You are absolutely right! The statement you've presented highlights a major challenge in researching and developing gene therapies for human genetic diseases.

Here's a breakdown of the issues and why they make human research particularly complex:

* Long Generation Time: Humans have a long lifespan and a relatively slow rate of reproduction. This means that studying the effects of gene therapy across generations can take decades. It's difficult to conduct traditional breeding experiments like those done with model organisms.

* Ethical Considerations: Research involving human subjects is tightly regulated for ethical reasons. There are strict guidelines about informed consent, safety, and minimizing risks. This makes conducting gene therapy trials more complicated and time-consuming.

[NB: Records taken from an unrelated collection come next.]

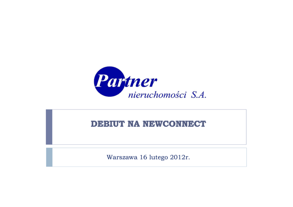Warszawa 16 lutego 2012r. O spółce … Spółka PARTNER-NIERUCHOMOŚCI sp. z o.o. powstała w sierpniu 2008 roku. Działalność spółki związana jest z obsługą rynku nieruchomości – • wynajem, • dzierżawa, • zarządzanie, • sprzedaż - głównie na rynku wtórnym. Spółka oferuje wynajem powierzchni biurowych, terenów przemysłowych – gruntów, hal produkcyjnych, itp. W ofercie sprzedażowej spółki znajdują się grunty i nieruchomości o charakterze przemysłowym, komercyjnym. 41-605 Świętochłowice; ul. Sądowa 7; 32 771 61 01, 32 771 61 02; www.partnernieruchomości.com.pl Etapy rozwoju … droga na NewConnect • luty 2011r. – decyzja o przekształceniu w spółkę akcyjną i rozpoczęcie procesu upublicznienia • sierpień 2011r. – rejestracja przekształcenia spółki z ograniczoną odpowiedzialnością w spółkę akcyjną • październik – listopad 2011r. – przeprowadzenie oferty private placement pozyskany kapitał 1.680.000,00 zł sprzedano 12.000.000 akcji serii B (wartość nominalna 0,10 zł) akcje zakupiło 24 inwestorów – 22 osoby prywatne i 2 podmioty instytucjonalne • 16 lutego 2012r. – debiut na NewConnect 41-605 Świętochłowice; ul. Sądowa 7; 32 771 61 01, 32 771 61 02; www.partnernieruchomości.com.pl O spółce … Partner-Nieruchomości jest właścicielem biurowca, w którym znajduje się siedziba spółki. Oferowane powierzchnie biurowe charakteryzują się wysokim standardem, ściśle dostosowanym do potrzeb klientów, po atrakcyjnych cenach. Dzięki temu poziom wynajętej powierzchni nie spada poniżej 90%. 41-605 Świętochłowice; ul. Sądowa 7; 32 771 61 01, 32 771 61 02; www.partnernieruchomości.com.pl O spółce … Partner-Nieruchomości jest właścicielem hali z magazynami, biurami, zapleczem socjalnym oraz infrastrukturą techniczną otaczające nieruchomość obszary to tereny przemysłowe i zakłady usługowe. Jest to typowy wydzielony rejon przemysłowy o dogodnym dostępie do sieci komunikacji o zasięgu regionalnym i usług komunalnych. 41-605 Świętochłowice; ul. Sądowa 7; 32 771 61 01, 32 771 61 02; www.partnernieruchomości.com.pl O spółce … Partner-Nieruchomości jest właścicielem biurowca zlokalizowanego w centrum Chorzowa, w bezpośrednim sąsiedztwie oddziału ZUS w Chorzowie. W skład nieruchomości wchodzą trzy działki gruntowe o łącznej powierzchni 1.078 m2 zabudowanej m.in. budynkiem biurowym, magazynowym. Całość jest w bardzo dobrym stanie technicznym, nie wymagającym nakładów inwestycyjnych na remont i modernizację. 41-605 Świętochłowice; ul. Sądowa 7; 32 771 61 01, 32 771 61 02; www.partnernieruchomości.com.pl Dane finansowe Zysk netto (tys. zł) Przychody ze sprzedaży netto (tys. zł) 1600 250 1400 200 1200 1000 150 800 100 600 400 50 200 0 0 2009 2010 2011 2009 2010 2011 • przychody ze sprzedaży już w 2012 roku wzrosną dzięki wpływom z czynszów z nieruchomości nabytych w grudniu 2011 roku i styczniu 2012 roku; • dodatkowo na poziom przychodów będę miały transakcje sprzedaży innych nieruchomości znajdujących się w portfelu Spółki i inne planowane na ten rok transakcje; • co najmniej proporcjonalnie do wzrostu przychodów powinien wzrosnąć zysk netto, gdyż ostatnio nabyte nieruchomości nie wymagają nakładów na remont; 41-605 Świętochłowice; ul. Sądowa 7; 32 771 61 01, 32 771 61 02; www.partnernieruchomości.com.pl Strategia rozwoju • nabywanie nieruchomości po atrakcyjnych cenach w wyniku procesów windykacyjnych (zakup i sprzedaż) i osiąganie wysokich marż na sprzedaży, • uzyskiwanie wysokiej stopy zwrotu z inwestycji w nieruchomości własne, przeznaczone pod wynajem (efektywne administrowanie posiadanymi zasobami majątkowymi), • nabywanie nieruchomości na bardzo korzystnych warunkach w drodze emisji kierowanej, 41-605 Świętochłowice; ul. Sądowa 7; 32 771 61 01, 32 771 61 02; www.partnernieruchomości.com.pl Struktura akcjonariatu po emisji akcji serii B Pozostali inwestorzy; 20% PartnerFinanse; 80% 41-605 Świętochłowice; ul. Sądowa 7; 32 771 61 01, 32 771 61 02; www.partnernieruchomości.com.pl DZIĘKUJĘ ZA UWAGĘ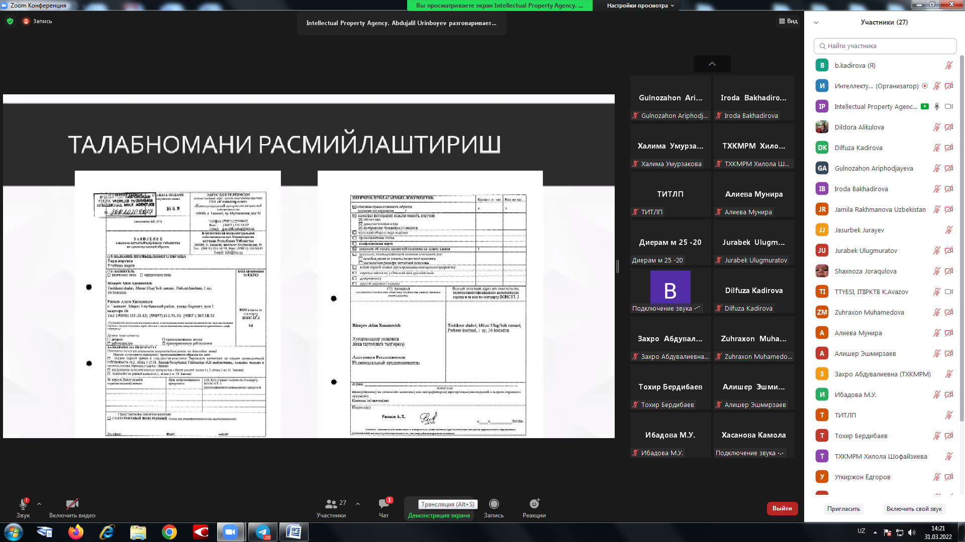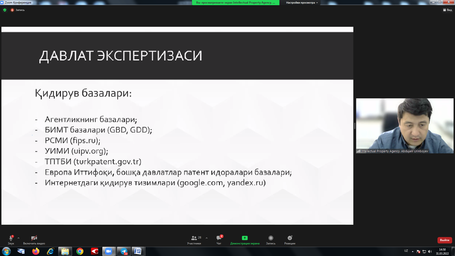 2022 yil 31-mart kuni O’zbekiston Respublikasi Prezidentining 2021 yil 28-yanvardagi “Intellektual mulk obektlarini muhofaza qilish tizimini takomillashtirish chora tadbirlari to’g’risida”gi PQ-4965-son qarori bilan tasdiqlangan Intellektual mulk (ixtiro, foydali model, sanoat namunasi, seleksiya yutuqlari) sohasini rivojlantirish bo‘yicha 2021 — 2023 yillarga mo‘ljallangan amaliy ishlar ijrosi yuzasidan O‘zbekiston Respublikasi Adliya vazirligi huzuridagi Intellektual mulk agentligi va agentlikning konsultativ markazi mutaxassislari ishtirokida Toshkent to‘qimachilik va yengil sanoat instituti va Tibbiyot xodimlarinin kasbiy malakasini rivojlantirish markazlari bilan birgalikda 2022 yilda o‘tkazilishi rejalashtirilgan tarmoqli reja-jadvali asosida “Sanoat namunasini huquqiy muhofaza qilish tartibi” va “EHM uchun dastrular va ma’lumotlar bazalarining huquqiy muhofazasi” mavzusida navbatdagi seminar o‘tkazildi. Mazkur seminar onlayn tarzda ZOOM dasturidan foydalangan holda tashkil etildi.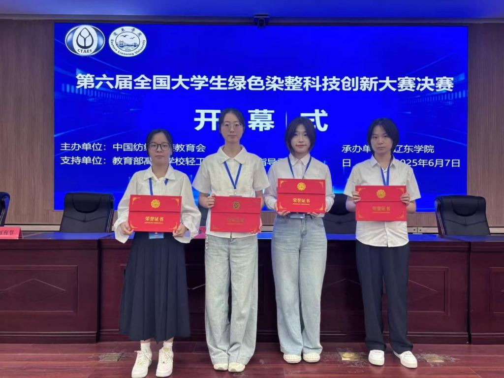 6月8日,由中国纺织服装教育学会主办、教育部高等学校轻工类专业教学指导委员会支持、辽东学院承办的第六届全国大学生绿色染整创新大赛圆满落幕。beat365官网化工与印染工程学院学生表现出色,共斩获本科生组一等奖1项、二等奖3项、三等奖8项(本次大赛未设特等奖,一等奖为最高奖项),充分展现了学院在创新人才培养和学科竞赛领域的突出实力。

* Variability Within Human Populations: Humans are incredibly diverse, genetically and environmentally. This variability can make it difficult to isolate the effects of gene therapy from other factors that might influence the disease.

* Cost and Resources: Clinical trials for gene therapy are very expensive and require significant resources, including specialized facilities, trained personnel, and long-term follow-up.

How Scientists Address these Challenges:

* Animal Models: Scientists often use model organisms like mice or rats to study gene therapy. These animals have shorter lifespans and faster reproductive rates, allowing for quicker research. However, it's important to remember that results in animals don't always translate directly to humans.

* Cell and Tissue Culture: Researchers can use cells and tissues grown in the lab to study the effects of gene therapy on a smaller scale. This allows them to test different gene delivery methods and assess potential safety concerns before moving to clinical trials.

* Focused Clinical Trials: Clinical trials for gene therapy are carefully designed to target specific patient populations with well-defined genetic diseases. This helps to minimize variability and increase the likelihood of seeing clear results.

* Longitudinal Studies: Researchers often follow patients who participate in gene therapy trials for many years to monitor the long-term effects of the treatment. This helps to assess the safety and efficacy of gene therapy over time.

In summary:

While the challenges are significant, scientists are making progress in developing and testing gene therapies for human diseases. By using a combination of approaches, including animal models, cell culture, and carefully designed clinical trials, they are working to overcome the obstacles and bring this promising technology to patients.